# Data provided:
· · · · · · ·

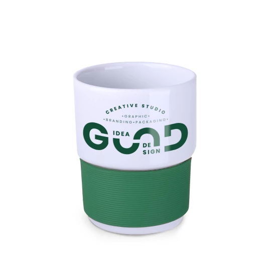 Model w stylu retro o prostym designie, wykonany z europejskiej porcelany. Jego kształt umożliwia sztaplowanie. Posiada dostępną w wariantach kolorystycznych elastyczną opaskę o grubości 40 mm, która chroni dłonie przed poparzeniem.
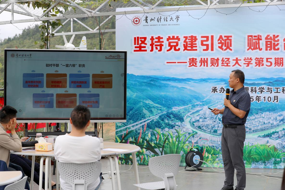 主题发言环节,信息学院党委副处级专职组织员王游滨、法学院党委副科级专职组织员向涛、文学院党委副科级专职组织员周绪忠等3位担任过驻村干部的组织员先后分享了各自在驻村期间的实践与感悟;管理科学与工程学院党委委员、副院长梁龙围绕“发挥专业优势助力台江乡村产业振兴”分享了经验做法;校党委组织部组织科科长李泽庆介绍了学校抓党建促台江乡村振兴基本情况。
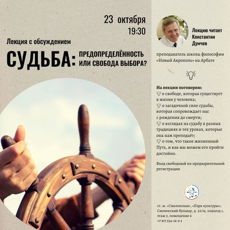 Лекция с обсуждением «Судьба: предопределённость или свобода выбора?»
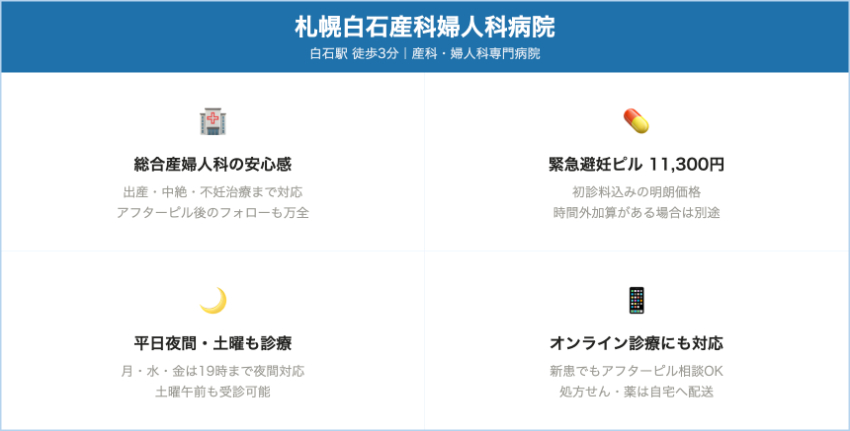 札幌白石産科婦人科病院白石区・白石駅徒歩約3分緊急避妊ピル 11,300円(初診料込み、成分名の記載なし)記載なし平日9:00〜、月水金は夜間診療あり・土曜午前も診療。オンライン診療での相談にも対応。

· · · · · · ·

# Requirement:
Without the pictures, print the whole listing exactly as given.

# Solution to this problem:
 Model w stylu retro o prostym designie, wykonany z europejskiej porcelany. Jego kształt umożliwia sztaplowanie. Posiada dostępną w wariantach kolorystycznych elastyczną opaskę o grubości 40 mm, która chroni dłonie przed poparzeniem.
 主题发言环节,信息学院党委副处级专职组织员王游滨、法学院党委副科级专职组织员向涛、文学院党委副科级专职组织员周绪忠等3位担任过驻村干部的组织员先后分享了各自在驻村期间的实践与感悟;管理科学与工程学院党委委员、副院长梁龙围绕“发挥专业优势助力台江乡村产业振兴”分享了经验做法;校党委组织部组织科科长李泽庆介绍了学校抓党建促台江乡村振兴基本情况。
 Лекция с обсуждением «Судьба: предопределённость или свобода выбора?»
 札幌白石産科婦人科病院白石区・白石駅徒歩約3分緊急避妊ピル 11,300円(初診料込み、成分名の記載なし)記載なし平日9:00〜、月水金は夜間診療あり・土曜午前も診療。オンライン診療での相談にも対応。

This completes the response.